* **ASSIGNMENT**
Below are records with pictures. Transcribe exactly, and only, the lines from the line with "空间布局与自然环境的互动: 该项目的亮点" to the line with "Ответы к Решение", both ends included, but not the pictures.

* **AVAILABLE DATA**
-=-=-=-=-
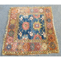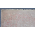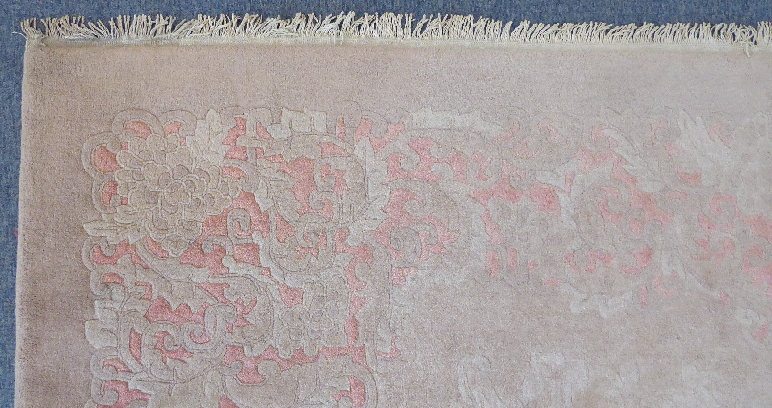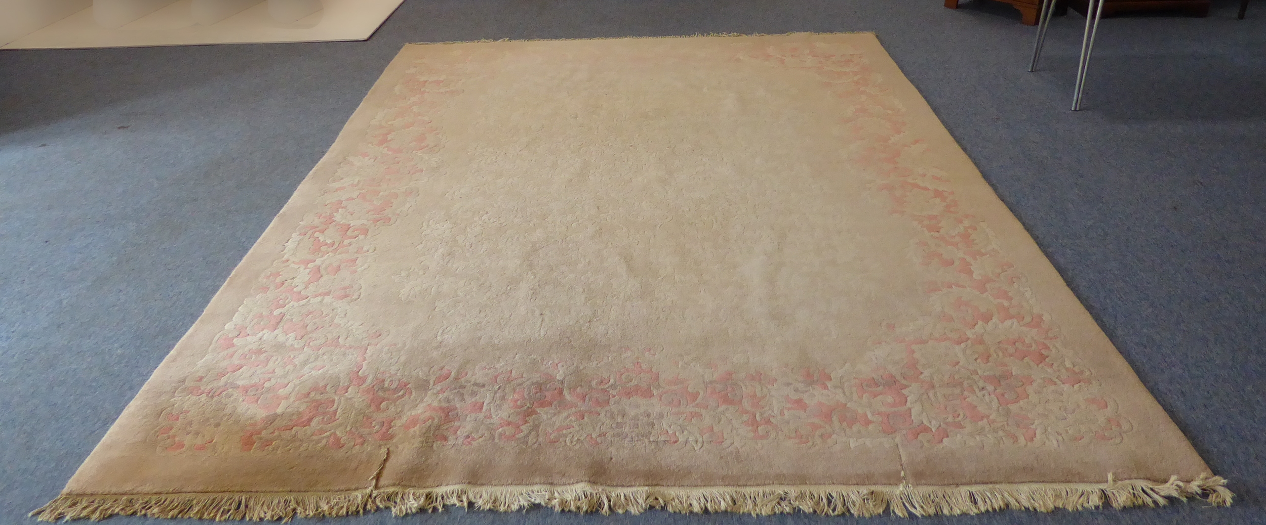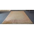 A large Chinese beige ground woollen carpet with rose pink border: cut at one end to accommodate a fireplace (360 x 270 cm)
-=-=-=-=-
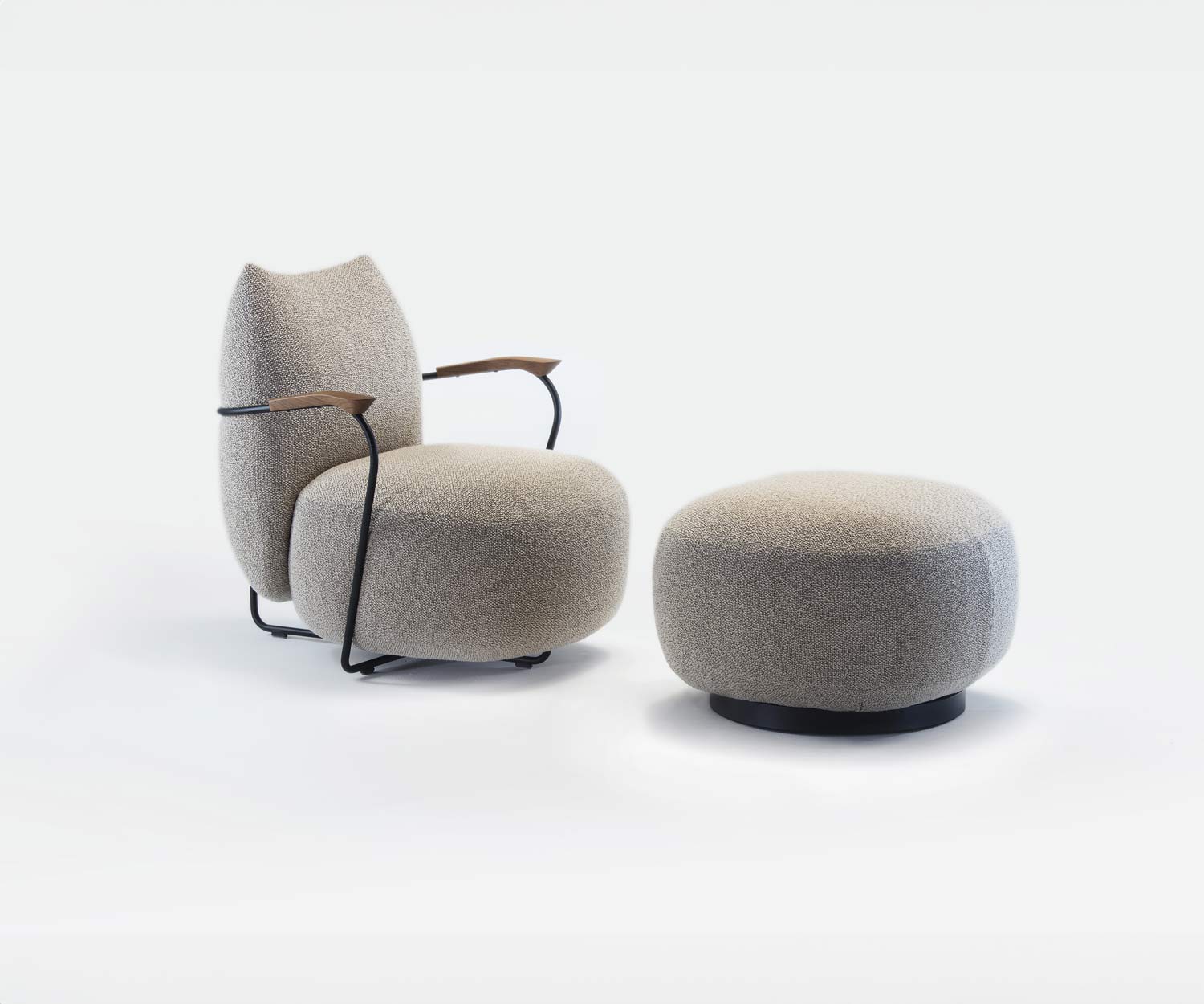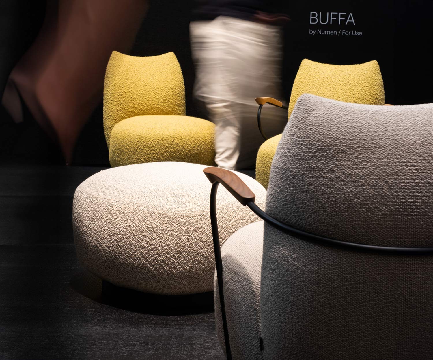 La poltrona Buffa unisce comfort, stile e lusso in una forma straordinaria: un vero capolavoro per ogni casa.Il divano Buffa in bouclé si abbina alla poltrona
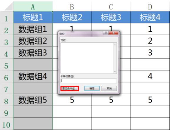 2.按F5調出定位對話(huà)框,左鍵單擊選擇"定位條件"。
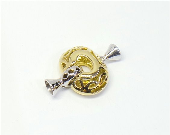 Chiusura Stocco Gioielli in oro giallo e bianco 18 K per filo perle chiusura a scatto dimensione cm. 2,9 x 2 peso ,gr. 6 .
-=-=-=-=-
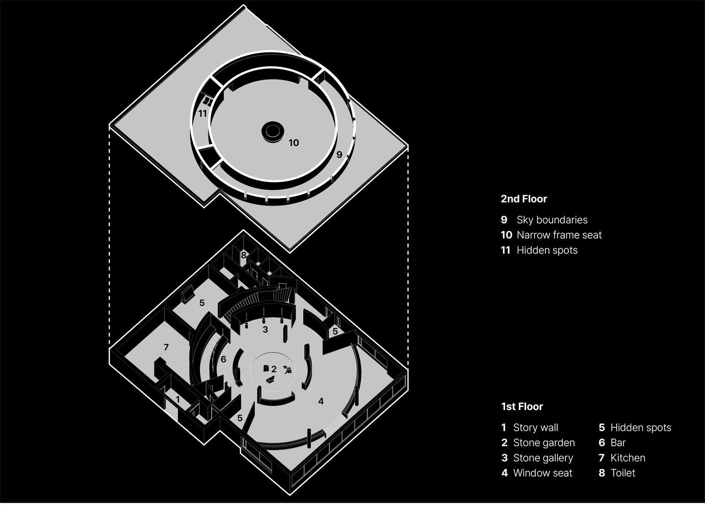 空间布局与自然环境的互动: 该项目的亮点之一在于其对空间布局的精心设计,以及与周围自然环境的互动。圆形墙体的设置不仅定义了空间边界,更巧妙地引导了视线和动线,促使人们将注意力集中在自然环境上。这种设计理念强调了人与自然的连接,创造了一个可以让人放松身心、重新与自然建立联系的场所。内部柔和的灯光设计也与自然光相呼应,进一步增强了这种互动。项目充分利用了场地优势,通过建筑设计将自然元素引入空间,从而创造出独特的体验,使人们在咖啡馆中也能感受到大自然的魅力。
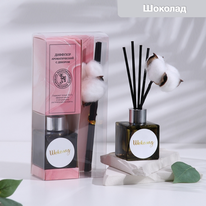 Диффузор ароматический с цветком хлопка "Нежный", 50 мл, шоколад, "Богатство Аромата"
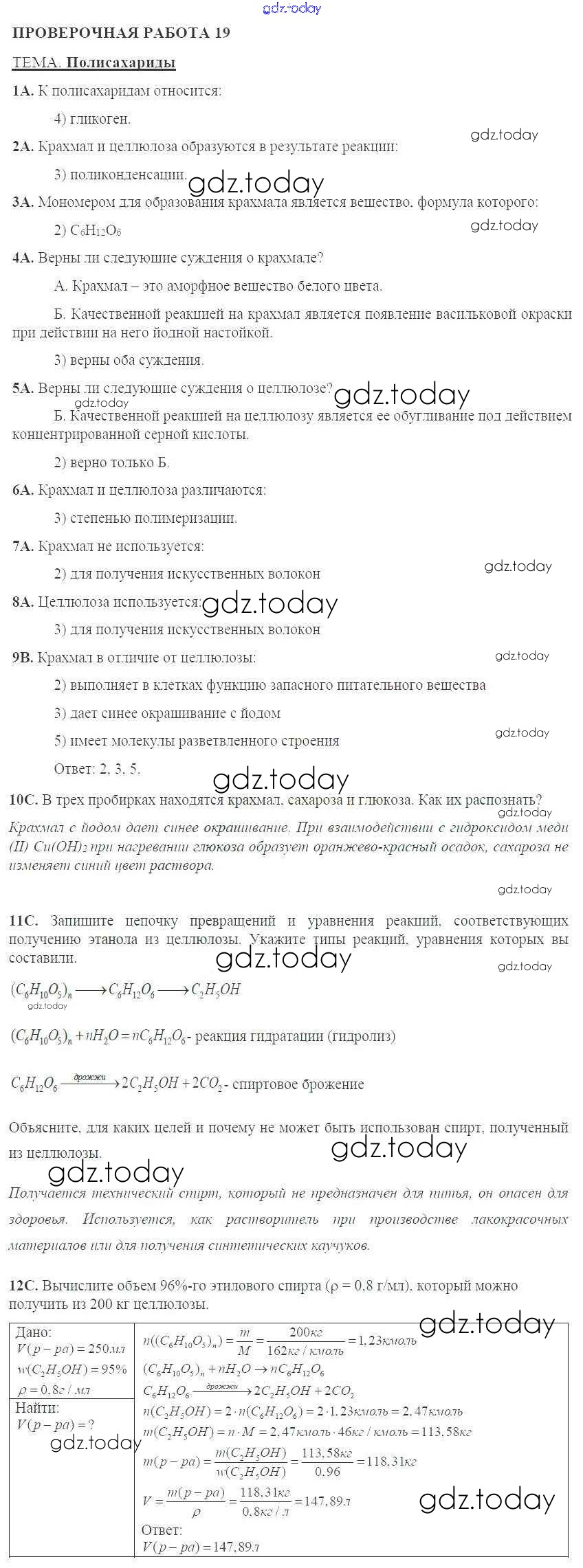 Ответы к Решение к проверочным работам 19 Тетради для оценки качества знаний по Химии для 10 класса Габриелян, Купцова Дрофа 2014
-=-=-=-=-
* **WRITTEN RESPONSE**
 空间布局与自然环境的互动: 该项目的亮点之一在于其对空间布局的精心设计,以及与周围自然环境的互动。圆形墙体的设置不仅定义了空间边界,更巧妙地引导了视线和动线,促使人们将注意力集中在自然环境上。这种设计理念强调了人与自然的连接,创造了一个可以让人放松身心、重新与自然建立联系的场所。内部柔和的灯光设计也与自然光相呼应,进一步增强了这种互动。项目充分利用了场地优势,通过建筑设计将自然元素引入空间,从而创造出独特的体验,使人们在咖啡馆中也能感受到大自然的魅力。
 Диффузор ароматический с цветком хлопка "Нежный", 50 мл, шоколад, "Богатство Аромата"
 Ответы к Решение к проверочным работам 19 Тетради для оценки качества знаний по Химии для 10 класса Габриелян, Купцова Дрофа 2014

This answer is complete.